Best teaching/classroom moment of the past year? I really enjoy bringing my clone, “Gigi,” to class. She can rock it out on Rock Band. [Gigi] plays Truckin’ by Grateful Dead to emphasize the co-morbidity presentation of diabetes and cardiovascular disease. We had 25 students wearing tie-dye in Adult Health 1. And then there’s puppy therapy with students. When we do exam reviews, I bring my puppy. It is so relaxing, strengthens communication and is, let’s just say it, highly entertaining.

What have you learned from your students? That I have the best job in the world. They make me realize that I am in the best place in the world. They make me thankful.

Martha Sylvia, assistant professor, Nursing Systems and Outcomes, graduate teaching

How would you describe your teaching philosophy? For me, teaching is a lifelong process of learning. In my interactions with students, I hope to instill this same sense of curiosity and relentless pursuit of continued learning.

What’s the best piece of teaching advice you ever received? Take on challenges that seem beyond your reach. Diversify your teaching experiences.

Did you have any teaching inspirations? I have had many favorite and inspiring teachers along the way and continue to engage in new mentoring relationships. I also learn a great deal from those who are not in traditional teaching roles. I carry important “gems” from all of them into my teaching experiences.
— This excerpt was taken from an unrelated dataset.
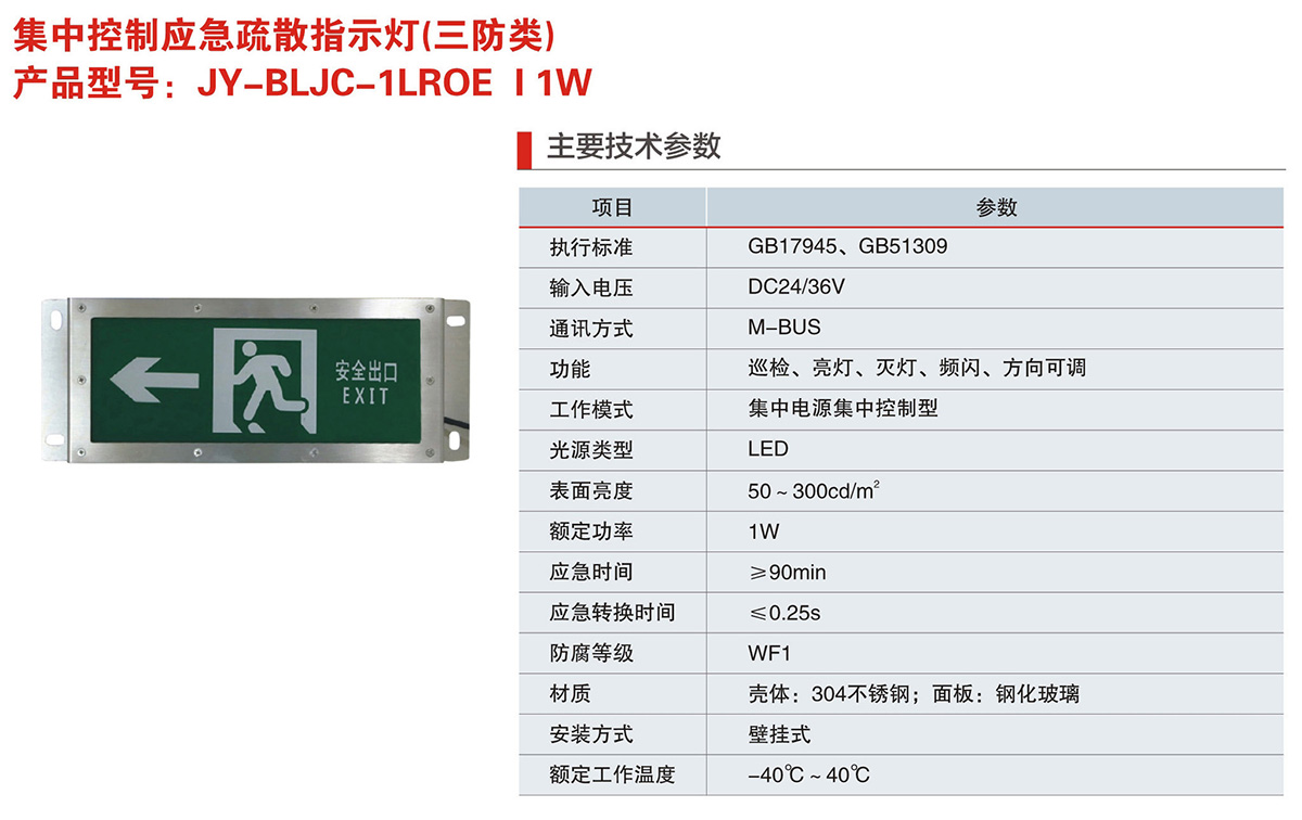JY-BLJC-1LROE I 1W系列集中控制应急疏散指示灯(三防类)

Best teaching/classroom moment of the past year? My best experiences over the past year have been in developing and teaching the Clinical Data Management course for the DNP program. As part of that class, I run help sessions every week. My best experiences have been when a student starts the semester with a complete lack of confidence in applying data management and statistical knowledge to their own data sets and by the end of the semester they have independently completed an entire analysis and presented it with confidence.

What have you learned from your students? I’ve learned so much, but most importantly I’ve learned to be patient with each student’s individual learning trajectory. Every student is unique, with different needs for learning, but everyone is capable of learning.

 

Whiting School of Engineering

WHITING SCHOOL OF ENGINEERING: Danielle Tarraf

Danielle C. Tarraf, assistant professor, Department of Electrical and Computer Engineering

How would you describe your teaching philosophy? Obviously, it is very important to teach the students the course material. But it is even more important to train them to think analytically, and to train them to ask the right questions.

What’s the best piece of teaching advice you ever received? I don’t think I ever received teaching advice directly. I have learned by example, from observing all the great teachers I have been fortunate to have.

Did you have any teaching inspirations? I have been extremely lucky. I have had many wonderful teachers at various stages of my education, starting from middle and high school all the way through the doctoral program. I am greatly indebted to them for setting a high standard, and for positively influencing my education and career. I have observed several common traits among them: They all love the material they teach, and they all care deeply about their students.

Best teaching/classroom moment of the past year? It happens every semester: A student who starts out relatively weak gradually improves through the semester and goes on to earn one of the highest grades in the class. These instances give me a great sense of achievement.

What have you learned from your students? Their questions keep me on my toes. It’s great to revisit well-established concepts or results and view them through new eyes every semester.